Transformation of Standardized Clinical Models based on OWL technologies: from CEM to OpenEHR archetypes
(Paper submitted to Special Focus Issue on Biomedical Data Standards @ Journal of the American Medical Informatics Association )
Mari Carmen Legaz-García1*, Cui Tao2, Marcos Menárguez-Tortosa1, Jesualdo Tomás Fernández-Breis1, Christopher G. Chute3
- Departamento de Informática y Sistemas, Universidad de Murcia, IMIB-Arrixaca, 30100,
- School of Biomedical Informatics, University of Texas Health Science Center at Houston, Houston, TX
- Department of Health Science Research, Mayo Clinic, Rochester, MN
* Correspondence author
Mari Carmen Legaz-García, Departamento de Informática y Sistemas, Universidad de Murcia, 30100,
phone: +34 868 88 8787
fax: +34 868 88 41 51
The semantic interoperability of Electronic Healthcare Records (EHR) systems is a major challenge in the medical informatics area. International initiatives pursue the use of semantically interoperable clinical models and ontologies have been frequently used in semantic interoperability efforts. The objective of this paper is to propose a generic, ontology-based, flexible approach for supporting the automatic transformation of clinical models, which is illustrated for the transformation of Clinical Element Models (CEM) into openEHR archetypes.

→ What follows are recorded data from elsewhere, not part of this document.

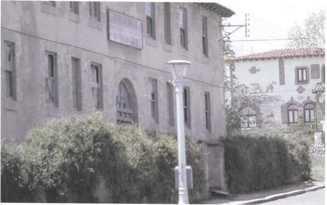
Edificio antiguo Sanatorio San Saturio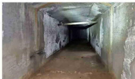
EL EX CONGRESO ANTES FUE UNA IGLESIA JESUITA.

XIX sufrió un incendio donde fallecieron más de 2.000 personas. En clave de novela, la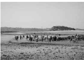
Place aux piétons ...

Point faible : Certaines navettes circulent à vide ou avec peu de visiteurs. Dans la mesure où un bus toutes les 10 mn est annoncé, il est difficile d'ajuster les passages aux besoins du moment.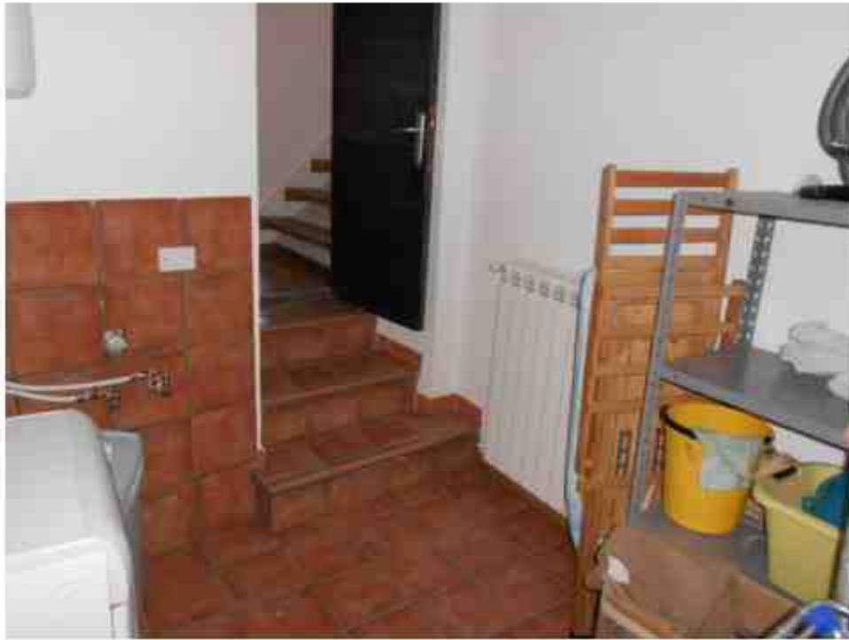
Foto N. 29.- Primo livello- Vano lavanderia adiacente al WC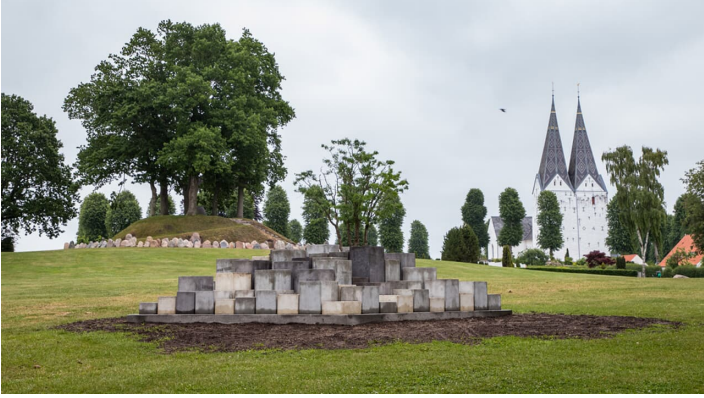
Grænselandets-Mosaik ved Broager-Kirke - © Kim Toft Jørgensen, Kim Toft Jørgensen/Sønderborg Kommune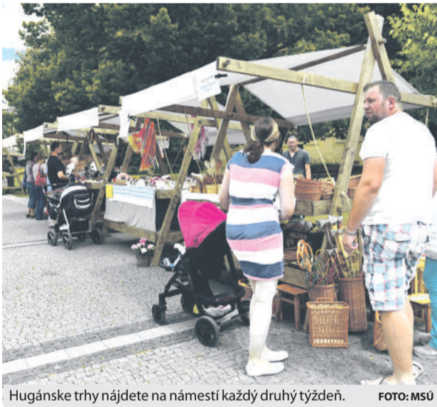
Hugánske trhy nájdete na námestí každý druhý týždeň.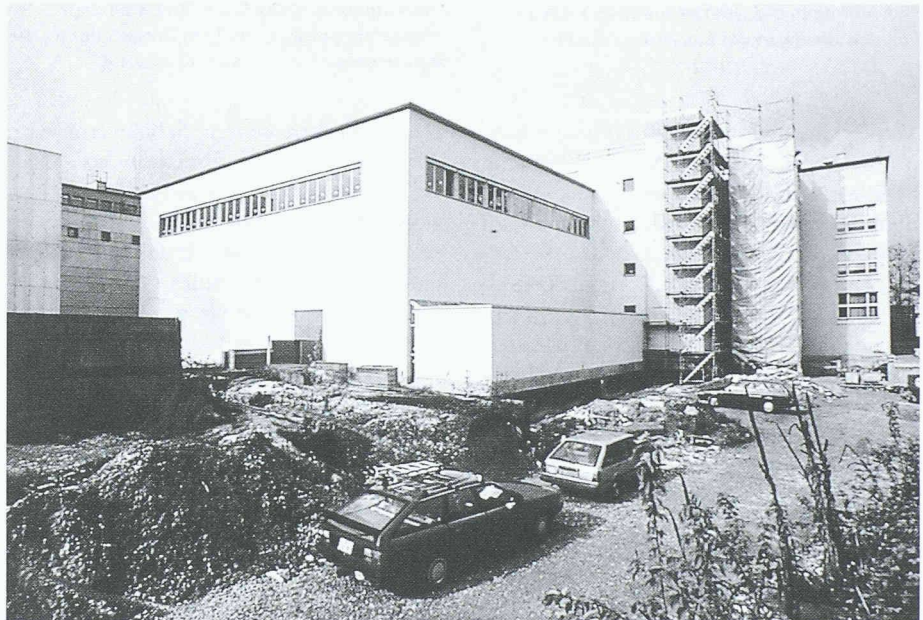
Blick auf den neu erstellten Erweiterungsbau mit angehängtem Schulungsraum

In den sechziger Jahren spitzte sich die Knappheit an Ausstellungs- und Arbeitsräumen zu. Auslagerungen wurden nötig, und auf exklusive Wechsausstellungen musste verzichtet werden. Um der bestehenden Raumnot abzuwehren, beschlossen 1979 Staat, Stadt und Burgergemeinde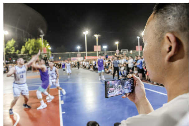
热血沸腾,现场直播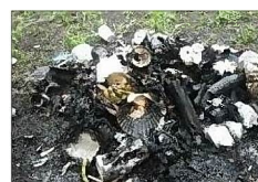
佐潟公園内に捨てられていたゴミ

Our transformation method exploits the fact that the information models of the most relevant EHR specifications are available in the Web Ontology Language (OWL). The transformation approach is based on defining mappings between those ontological structures. We propose how CEM entities can be transformed into openEHR by using transformation templates and OWL as common representation formalism. The transformation architecture exploits the reasoning and inferencing capabilities of OWL technologies.
We have obtained a generic, flexible approach for the transformation of clinical models, implemented for the unidirectional transformation from CEM to openEHR, a series of reusable transformation templates, a proof-of-concept implementation, and a set of openEHR archetypes that validate the methodological approach.
We have been able to transform CEM into archetypes in an automatic, flexible, reusable transformation approach which could be extended to other clinical model specifications. We exploit the potential of OWL technologies for supporting the transformation process. We believe that our approach could be useful for international efforts in the area of semantic interoperability of EHR systems.